Long ago I had verified that values 0x80-0xFE are all available to FOR /F on my machine, which happens to use code page 437. But I only confirmed individual characters, one at a time. I did not bother to look at the sequencing, or investigate the effect of changing the code page.
Here is a summary of my understanding of the discussion so far - nothing new here
Based on my understanding of what has been written, plus some experimentation on my own, it looks like Windows interprets characters based on the active code page, and stores the value internally as the UTF-16? or UTF-32? code point. When parsing FOR tokens, the tokens are stored in a (presumably 0 based) array, and the base character establishes the UTF-?? code point offset. The offset is subtracted from each FOR /F character to determine the corresponding index into the array of tokens.

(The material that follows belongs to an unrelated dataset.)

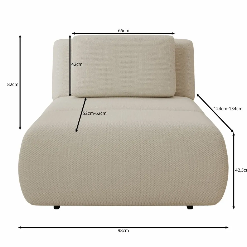 De fauteuil heeft een breedte van 98 cm en een totale diepte van 129 cm. De hoogte bedraagt 82 cm en de zithoogte ligt rond de 42,5 cm. Het diepe zitvlak biedt voldoende ruimte om ontspannen te zitten, ook met opgetrokken benen.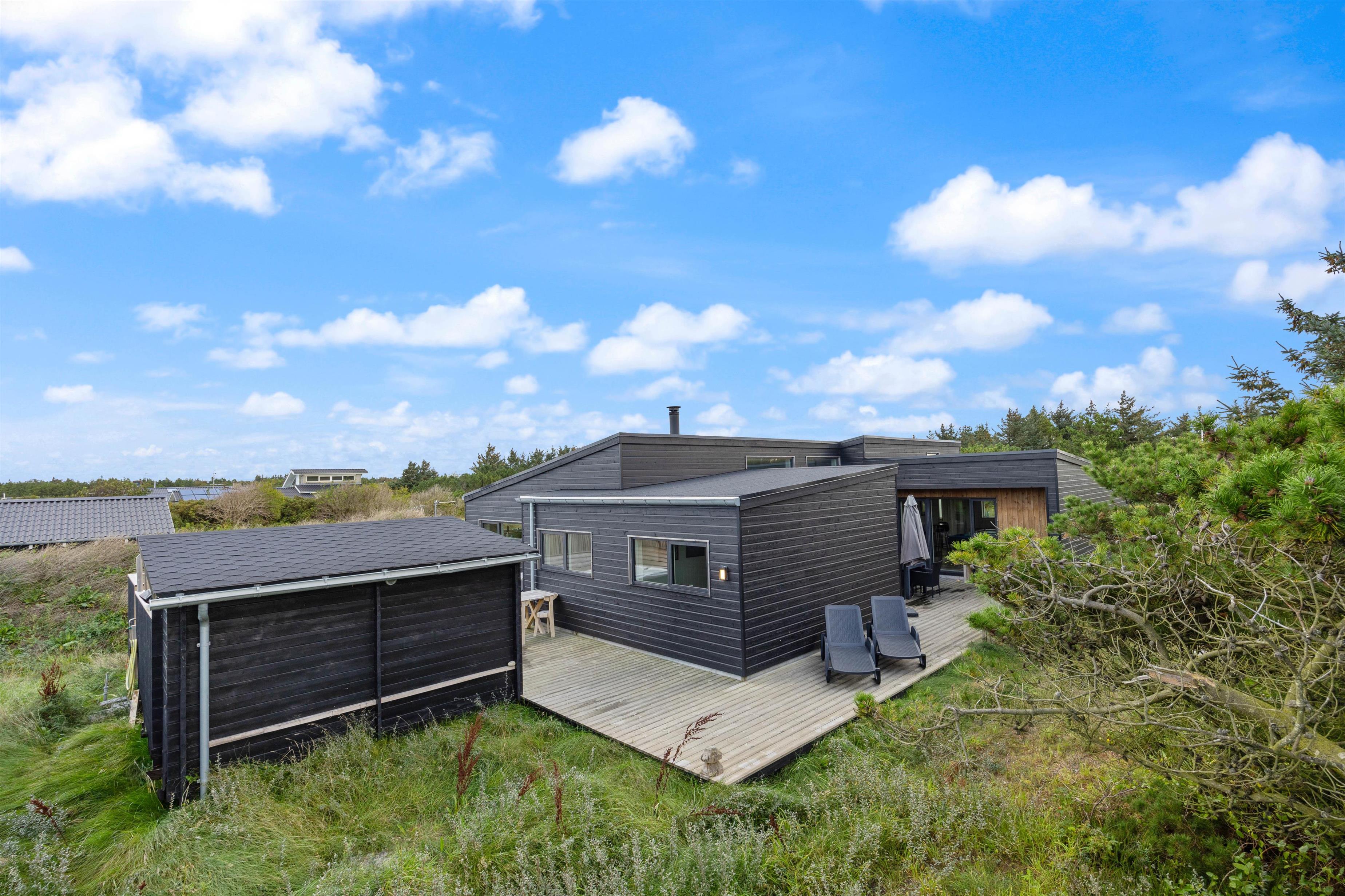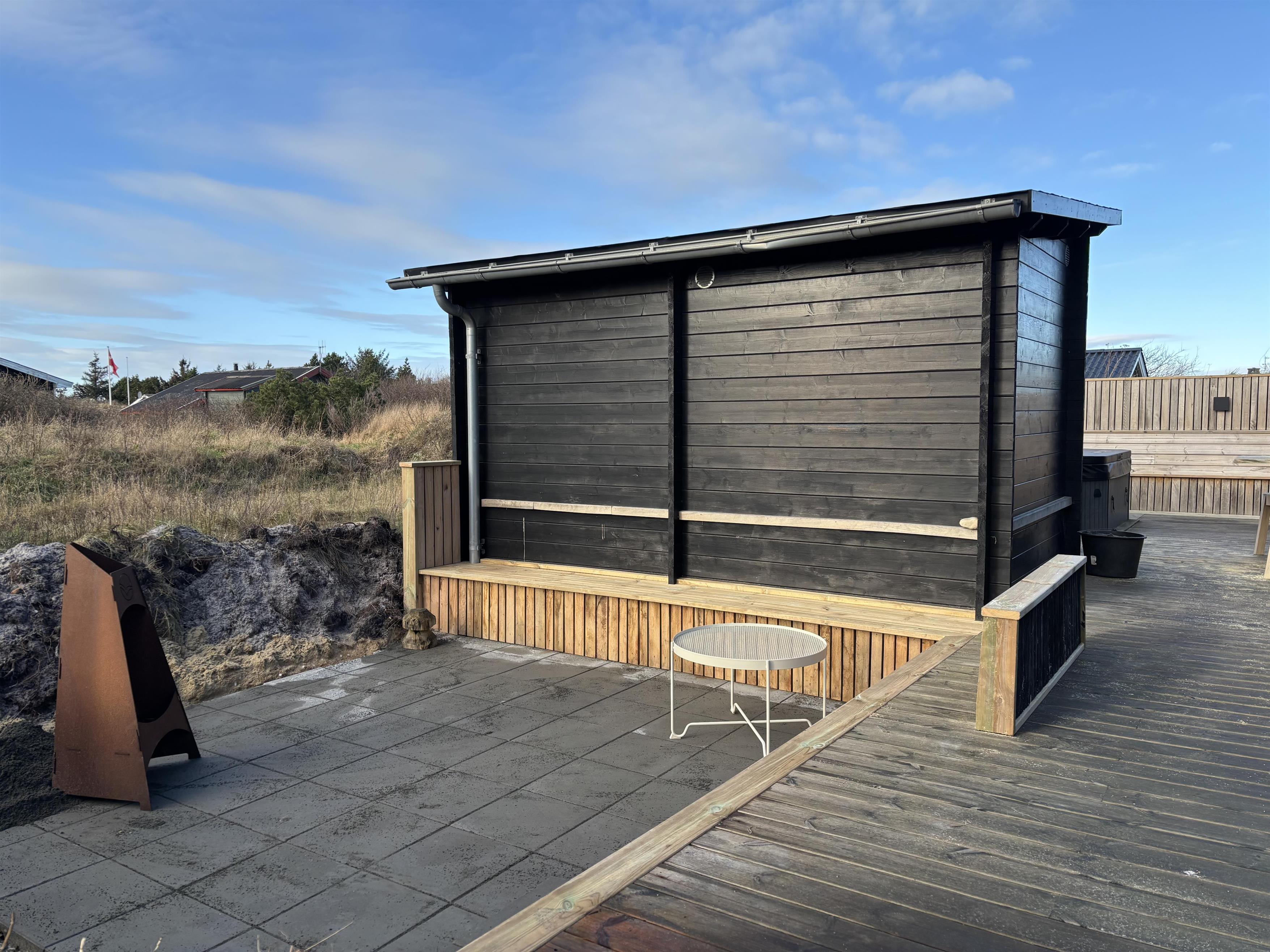 Dette femstjernede feriehus i Bjerregård inviterer til en luksuriøs ferie ved Vesterhavet med noget for enhver smag. Den moderne og stilfulde indretning til 8 personer indbefatter blandt andet et stort aktivitetsrum med billard, bordfodbold og airhockey. Prikken over i’et er det fantastiske udendørsområde med udendørs spabad og sauna på terrassen.

Most code pages used on this forum interpret 0x00-0x7F as ASCII, and the UTF-?? code points are the same. So all characters in the range 0x01-0x7F are available to FOR /F (except for 0x0D because that can only be accessed via delayed expansion, which does no good for FOR /F).
But the mapping of high-order byte characters varies tremendously. Although nearly all those characters can be used individually, there are often gaps in the mapping, which limits their effectiveness.
Aacini developed a utility to discover contiguous ranges of high-order byte characters. However, it is a bit slow and tedious to use, and it does not show the relationship of threads to each other. But it was a critical contribution that helped lead to the theory as it stands now.
aGerman and penpen developed a fast utility to convert a given code page into a list of byte codes with corresponding UTF-16 code point, sorted by the UTF-16. This could be very useful in establishing contiguous ranges, assuming the theory is correct. But the results still need to be verified against actual FOR /F behavior. I find the final line that lists the characters in code point order to be a bit useless because it is impossible to see where there are gaps.
Here begins my contribution
First off, here is my computer info:
Code: Select all
--------------------------------------------------------------------------------
Windows version : Microsoft Windows [Version 10.0.14393]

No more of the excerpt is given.